Docker, Micro-services, and Cloud Computing in General, for Data Science Projects
Cloud computing has taken the world by storm lately, as it effectively democratized computing power and storage. This has inevitably impacted data science work too, especially when it comes to the deployment stage of the pipeline. Two of the most popular methods for accomplishing this is through containers and micro-services, both enabling your programs to run on some server somewhere with minimal overhead.
The value of this technology is immense. Apart from the cost-saving that derives from the overhead reduction, it makes the whole process easier and faster. Getting acquainted with a container program like Docker isn't more challenging than any other software a data scientist uses, while there are lots of docker images available for the vast majority of applications (including a variety of open-source OSes). Cloud computing in general is quite accessible, especially if you consider the options companies like Amazon offer.

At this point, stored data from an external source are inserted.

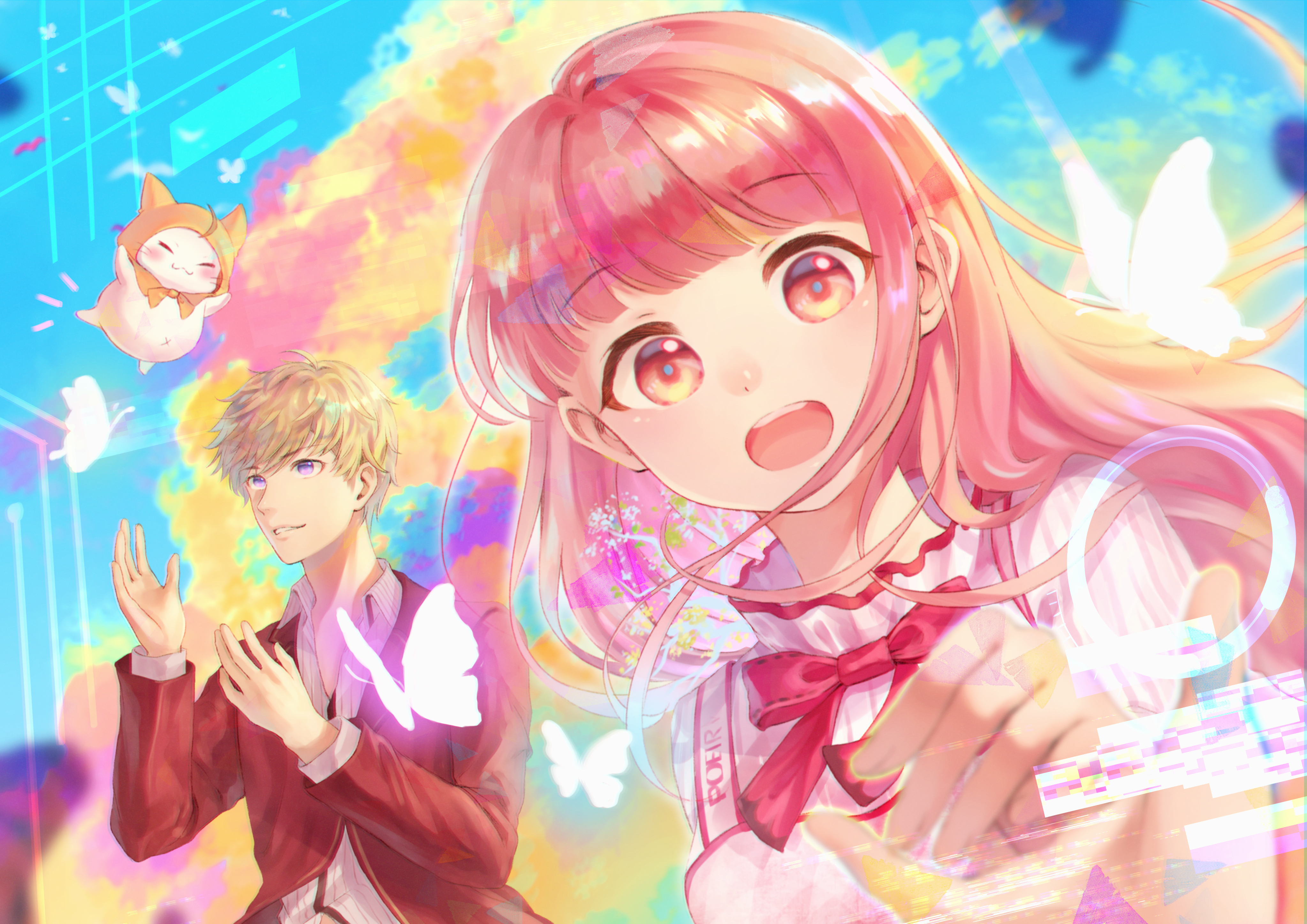 1boy1girlahogeanimalblonde hairblue skybowbowtiebrown eyesbugbutterflycatcloakclosed eyesclothed animalclothes writingcloudcollared shirtdot nosedressdress shirtfloatingfloating hairfrilled shirt collarfrillshappyhoodhooded cloakinsectjacketlayered sleeveslight blushloen (shining nikki)long hairlong sleeveslooking at animallooking at viewermessy hairnotice linesopen mouthpinafore dresspink dresspink hairpinstripe patternpinstripe shirtpurple eyesred bowred bowtiered jacketshirtshort hairskysleevelesssleeveless dresssmiletaremeteethupper bodyupper teeth onlywhite catwhite shirtwindyellow cloak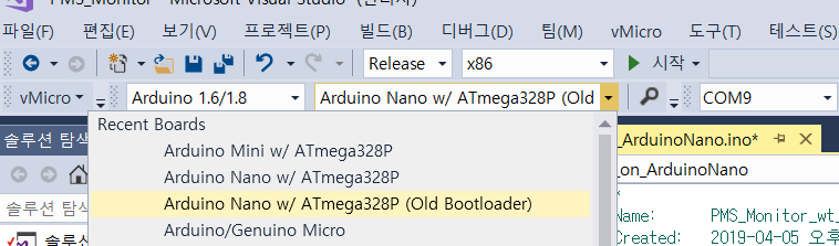 아두이노 코드역시 우노버전과 동일합니다. 다만 컴파일 및 업로드시에 Visual Studio에서 설정만 약간 다르기 때문에 그 부분만 추가로 언급하겠습니다.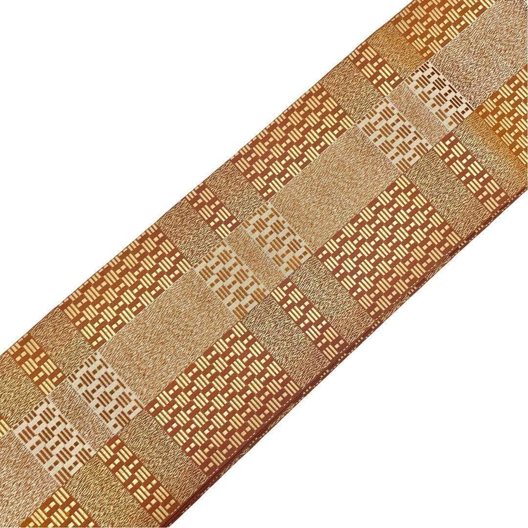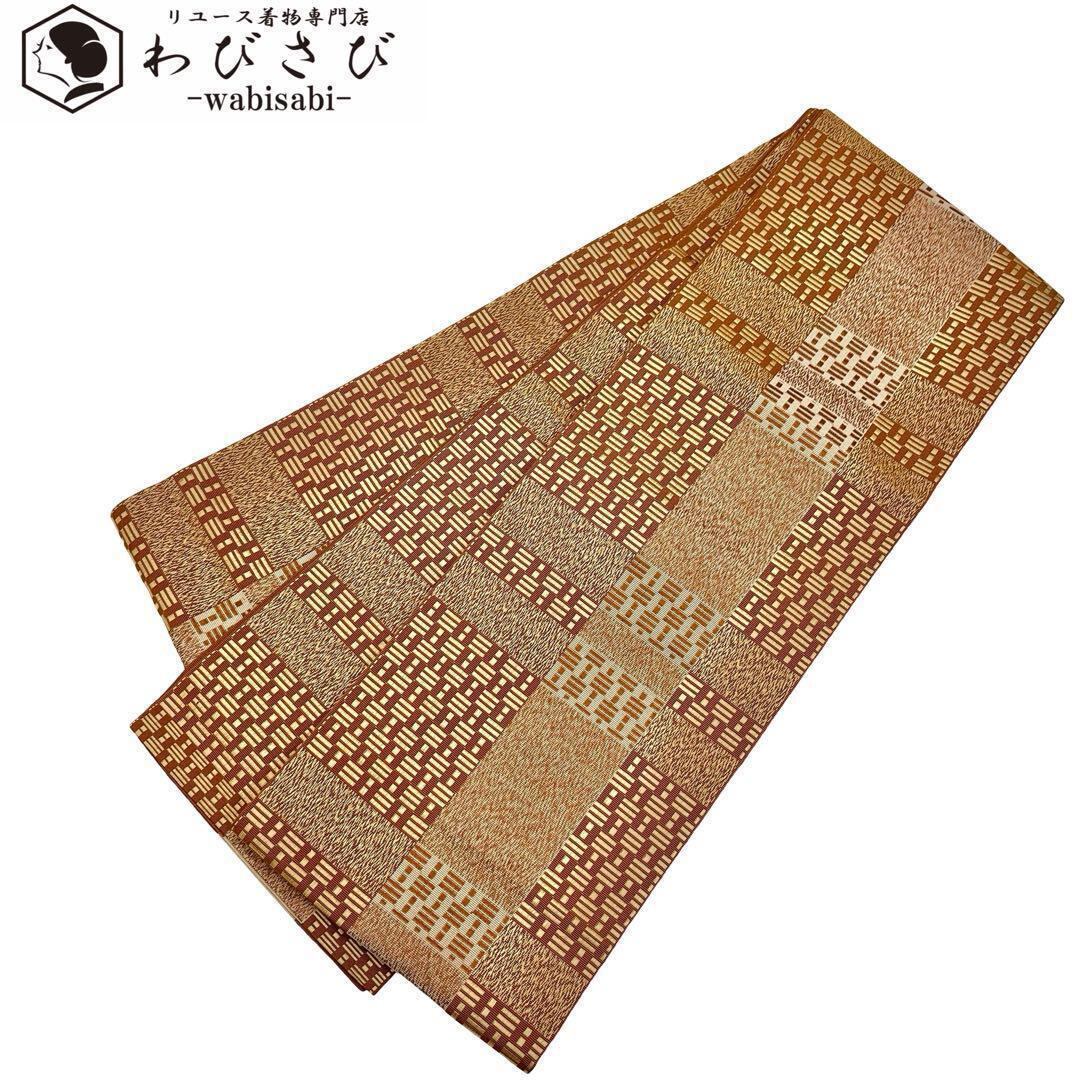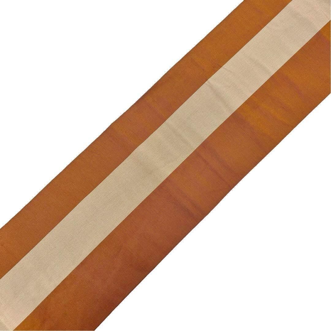 半幅帯 本場筑前博多織 リバーシブル 美しい織模様 茶色 証紙付 O-3737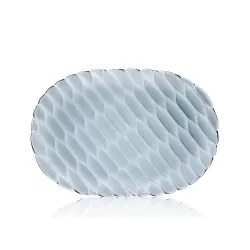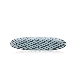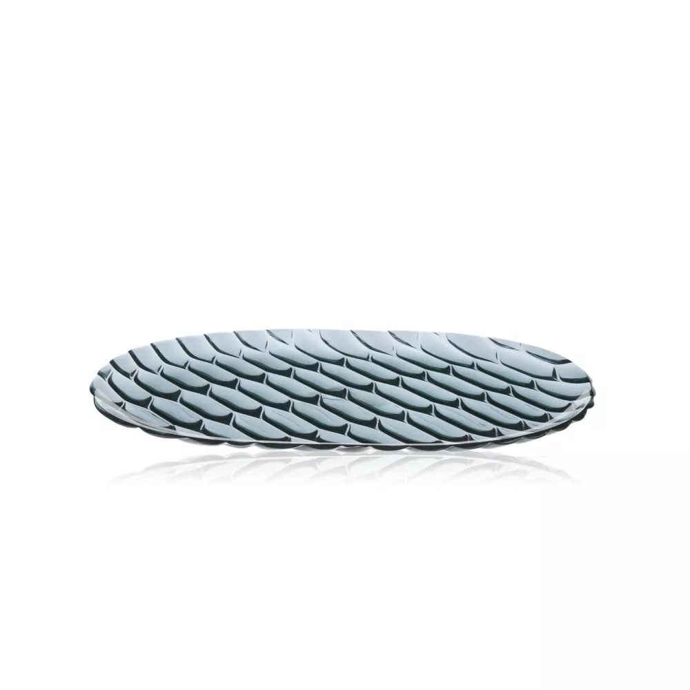 36 CM OVAL TRAY, JELLIES FAMILY 1580 - KARTELL This line of plates, trays, glasses, bowls, and carafes offers a wide selection of products made from brilliant, colored, and transparent PMMA. What makes this line unique is that each design features a different pattern inspired by nature and organic shapes, reminiscent of traditional molds used for making jellies in kitchens. These patterns highlight the temporality and variety that characterize each stage of the meal, from the initial course to the final one. The delicate, soft, and easily combinable transparent colors allow for setting vibrant tables, whether they be creative and original or more classic and monochromatic. Dishwasher safe Dimensions: Length: 36.5 cm Width: 25 cm DISCOVER THE COLLECTION: Jellies Family Kartell

The key value-add of all this is that a data scientist can now deploy a model or system as an application or an API on the cloud, where it can live as long as necessary, without burdening your coworkers or the company’s servers. Also, through this deployment method, you can scale up your program as needed, without having to worry about computational bandwidth and other such limitations.
Cloud computing can also be quite useful when it comes to storage. Many databases nowadays are available on the cloud, since it's much easier to store and maintain data there, while most cloud storage places have quite a decent level of cybersecurity. Also, having the data live on the cloud makes it easier to share it with the aforementioned data products deployed as Docker images, for example. In any case, such solutions are more appealing for companies today since not many of them can afford to have their own data center or any other in-house solutions.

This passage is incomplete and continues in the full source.